Work order –
Will you transcribe the entries that follow, exactly and in full?

Exercise data –
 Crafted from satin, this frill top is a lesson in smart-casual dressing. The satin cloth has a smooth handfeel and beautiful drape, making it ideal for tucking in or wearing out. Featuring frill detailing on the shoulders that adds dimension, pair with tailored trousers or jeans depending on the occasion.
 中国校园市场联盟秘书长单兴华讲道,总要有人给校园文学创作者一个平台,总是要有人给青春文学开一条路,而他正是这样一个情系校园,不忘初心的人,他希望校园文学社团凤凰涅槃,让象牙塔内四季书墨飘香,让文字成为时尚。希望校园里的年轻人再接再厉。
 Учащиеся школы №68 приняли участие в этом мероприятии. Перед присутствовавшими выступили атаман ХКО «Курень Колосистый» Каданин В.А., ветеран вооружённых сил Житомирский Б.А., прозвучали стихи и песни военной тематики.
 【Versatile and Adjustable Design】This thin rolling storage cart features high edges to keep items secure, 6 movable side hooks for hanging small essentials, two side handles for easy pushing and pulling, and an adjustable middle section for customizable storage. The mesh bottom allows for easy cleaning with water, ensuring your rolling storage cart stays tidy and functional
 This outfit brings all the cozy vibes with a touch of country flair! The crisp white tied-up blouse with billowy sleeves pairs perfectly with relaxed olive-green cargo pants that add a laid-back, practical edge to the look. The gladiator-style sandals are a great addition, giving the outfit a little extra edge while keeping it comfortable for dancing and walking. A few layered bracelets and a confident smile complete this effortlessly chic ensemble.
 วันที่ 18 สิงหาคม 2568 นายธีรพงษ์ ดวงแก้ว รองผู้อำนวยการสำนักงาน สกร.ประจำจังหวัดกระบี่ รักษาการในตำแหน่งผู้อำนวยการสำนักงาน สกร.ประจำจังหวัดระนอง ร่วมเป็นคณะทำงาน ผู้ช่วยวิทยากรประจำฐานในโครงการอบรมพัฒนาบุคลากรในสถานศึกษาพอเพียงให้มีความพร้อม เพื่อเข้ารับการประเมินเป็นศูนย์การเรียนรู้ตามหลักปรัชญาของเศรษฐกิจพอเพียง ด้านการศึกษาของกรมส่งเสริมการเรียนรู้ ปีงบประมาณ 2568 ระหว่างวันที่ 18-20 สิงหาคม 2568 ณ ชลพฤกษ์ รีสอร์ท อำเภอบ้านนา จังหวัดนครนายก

The answer –
 Crafted from satin, this frill top is a lesson in smart-casual dressing. The satin cloth has a smooth handfeel and beautiful drape, making it ideal for tucking in or wearing out. Featuring frill detailing on the shoulders that adds dimension, pair with tailored trousers or jeans depending on the occasion.
 中国校园市场联盟秘书长单兴华讲道,总要有人给校园文学创作者一个平台,总是要有人给青春文学开一条路,而他正是这样一个情系校园,不忘初心的人,他希望校园文学社团凤凰涅槃,让象牙塔内四季书墨飘香,让文字成为时尚。希望校园里的年轻人再接再厉。
 Учащиеся школы №68 приняли участие в этом мероприятии. Перед присутствовавшими выступили атаман ХКО «Курень Колосистый» Каданин В.А., ветеран вооружённых сил Житомирский Б.А., прозвучали стихи и песни военной тематики.
 【Versatile and Adjustable Design】This thin rolling storage cart features high edges to keep items secure, 6 movable side hooks for hanging small essentials, two side handles for easy pushing and pulling, and an adjustable middle section for customizable storage. The mesh bottom allows for easy cleaning with water, ensuring your rolling storage cart stays tidy and functional
 This outfit brings all the cozy vibes with a touch of country flair! The crisp white tied-up blouse with billowy sleeves pairs perfectly with relaxed olive-green cargo pants that add a laid-back, practical edge to the look. The gladiator-style sandals are a great addition, giving the outfit a little extra edge while keeping it comfortable for dancing and walking. A few layered bracelets and a confident smile complete this effortlessly chic ensemble.
 วันที่ 18 สิงหาคม 2568 นายธีรพงษ์ ดวงแก้ว รองผู้อำนวยการสำนักงาน สกร.ประจำจังหวัดกระบี่ รักษาการในตำแหน่งผู้อำนวยการสำนักงาน สกร.ประจำจังหวัดระนอง ร่วมเป็นคณะทำงาน ผู้ช่วยวิทยากรประจำฐานในโครงการอบรมพัฒนาบุคลากรในสถานศึกษาพอเพียงให้มีความพร้อม เพื่อเข้ารับการประเมินเป็นศูนย์การเรียนรู้ตามหลักปรัชญาของเศรษฐกิจพอเพียง ด้านการศึกษาของกรมส่งเสริมการเรียนรู้ ปีงบประมาณ 2568 ระหว่างวันที่ 18-20 สิงหาคม 2568 ณ ชลพฤกษ์ รีสอร์ท อำเภอบ้านนา จังหวัดนครนายก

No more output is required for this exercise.